Davis enjoyed major success as a member of The Itals, recording and touring the globe. Their 1987 release Rasta Philosophy was nominated for a GRAMMY Award as Best Reggae Album.

While staying with The Itals, Davis pursued a parallel solo career, his next album being a split release with Gregory Isaacs for producer Ossie Hibbert (1979), with further releases following, including 1985's The Incredible Ronnie Davis Sings For You And I.

Davis left The Itals in 1995, to again pursue a solo career, forming the vocal group, Ronnie Davis & Idren, featuring harmony singers Roy Smith (an old schoolfriend), Robert Doctor and fellow former-Ital Lloyd Ricketts. The group performed around the United States, and in 1997 released their first album, Come Straight , to much critical acclaim.
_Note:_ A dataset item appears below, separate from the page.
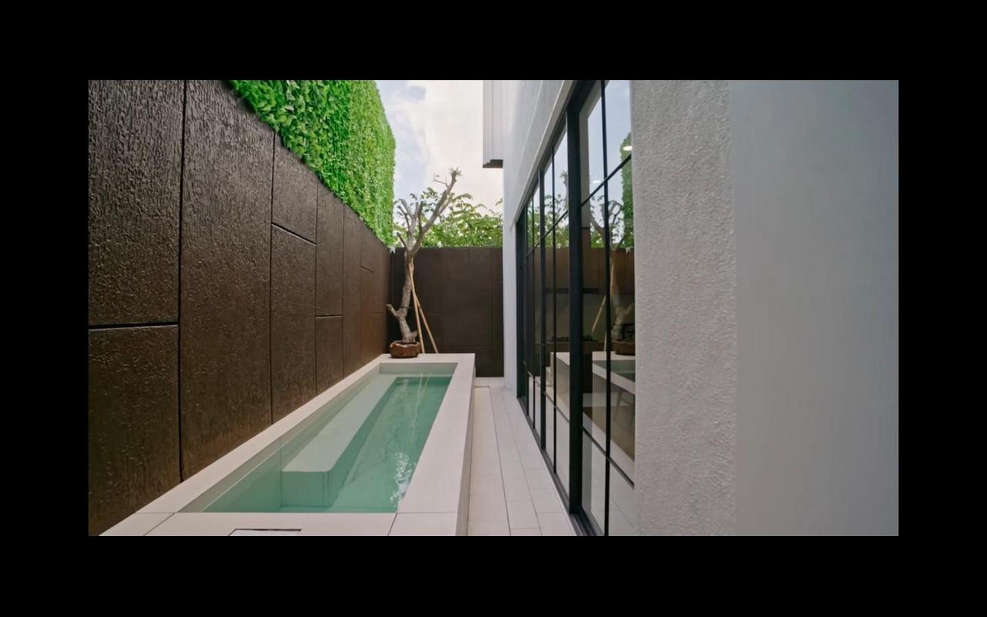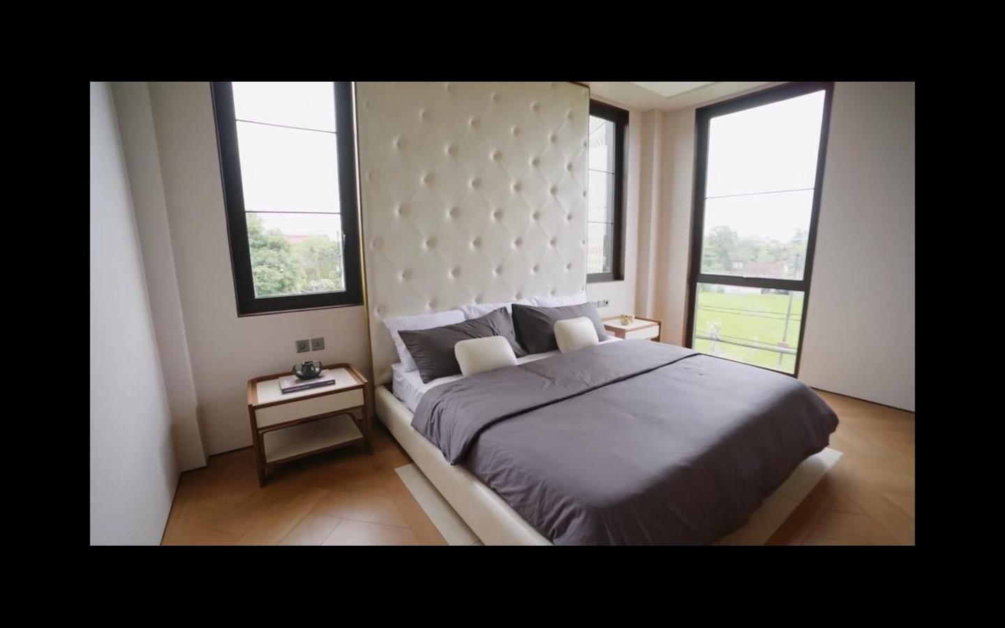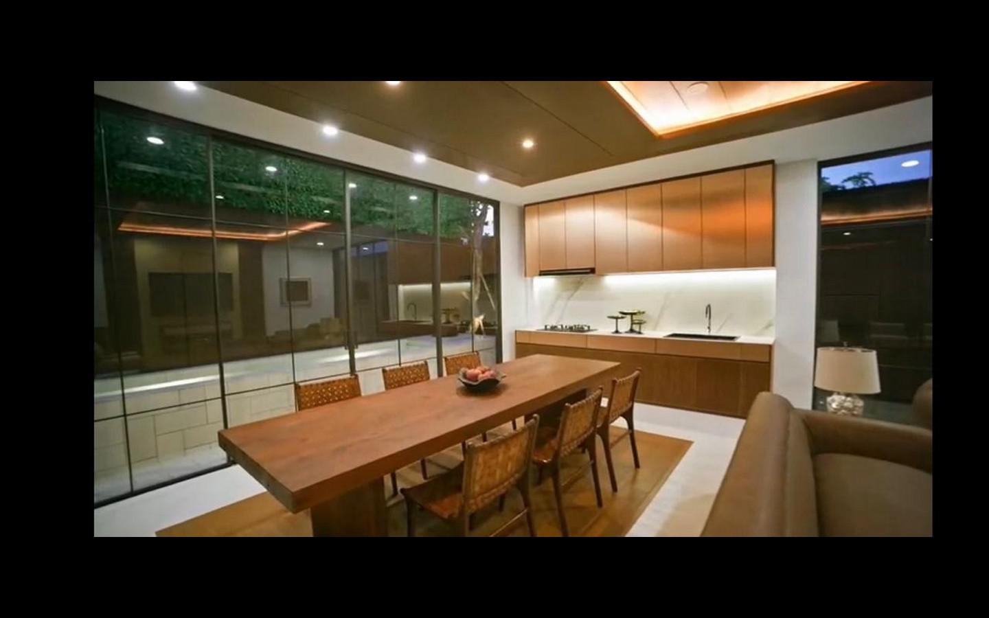 Inside, the villa features exquisite details. The elegant finishes include Toto and Austindo sanitary ware, Dekton flooring and custom-made Italian aluminium elements. The living areas, including a cosy living room, stylish dining room and family dining area with bar counter, exude sophistication and warmth in equal measure.

Ronnie Davis toured with The Pocket Band of Washington, DC in 2007 and 2008. In 2009 Davis again joined forces with Keith Porter and David Isaacs to tour as The Itals. Ronnie Davis and Keith Porter toured as The Itals after the passing of Davi Isaacs in 2009 and Lloyd Ricketts in 2011. In March 2012, after a near 35-year hiatus, The Tennors reunited with George Murphy aka "Clive Tennors", Ronnie Davis and a new member Henry Buckley Jr. aka Sadiki. The Tennors continue to tour without Davis and Sadiki.
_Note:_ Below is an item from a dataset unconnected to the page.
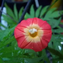 王妃藤,Ipomoea horsfalliae ,旋花科番薯属植物。常绿蔓性藤本,茎深褐色,叶互生,掌状深裂,小叶3~5枚,其中下叶片最大,长李椭圆形到披针形,革质。花腋生,花冠喇叭状,先端5裂,鲜红色。春至秋季开花。

In 2016 Davis released the Sadiki-produced album Iyahcoustic on Skinny Bwoy Records. The album featured reworkings of highly regarded spiritually conscious, philosophically reflective, contemplative tunes like Got to Go Home and My World.

==Album discography==
- Ronnie Davis Presents Beautiful People From Jamaica (1976), DIP
- Hard Times (1977), Third World
- Gregory Isaacs Meets Ronnie Davis (1979), Plant
- Crucial, Big Mac Soul Power
- The Incredible Ronnie Davis Sings For You And I (1985), Vista
- Sing Hits From Studio 1 And More (1997), Rhino
- Wheel of Life (2005), Upstairs Music
- Jamming In Dub (2006), Jamaican Recordings
- Come Straight (1997), Nighthawk (Ronnie Davis & Idren)
- Oh Lord, Why Lord
- Iyahcoustic (2016), Skinny Bwoy

With The Itals
- The Early Recordings: 1971-1979 (1984) Nighthawk
- Brutal Out Deh (1981) Nighthawk
- Give Me Power! (1983) Nighthawk
- Rasta Philosophy (1986) Nighthawk
- Cool and Dread (1989) Nighthawk
- Easy to Catch (1991) Rhythm Safari
- Modern Age (1998) RAS
- Mi Livity (2003) Ital Music
- Let Dem Talk (2009) Ital Music

== Death ==
Jerome Constantine Ballin, popularly known as Ronnie Davis, suffered a major stroke on January 23, 2017, and peacefully died in the evening of Wednesday, January 25, 2017, surrounded by family members.

"I am heartbroken by the news of Ronnie's passing. We have been through so much together. Ronnie is like a little brother to me" said Clive Murphy the leader and founder of the Tennors "The world has lost a great musician who loved life, God and his family"

Ronnie Davis is survived by his common-law wife Jennifer Ottey, his mother in England, his brothers and sisters, his daughters Shauna, Stacy, Simone and Jasmine, sons Ryan, Christopher, Jason, his grand-children, his extended family, and his many friends and fans.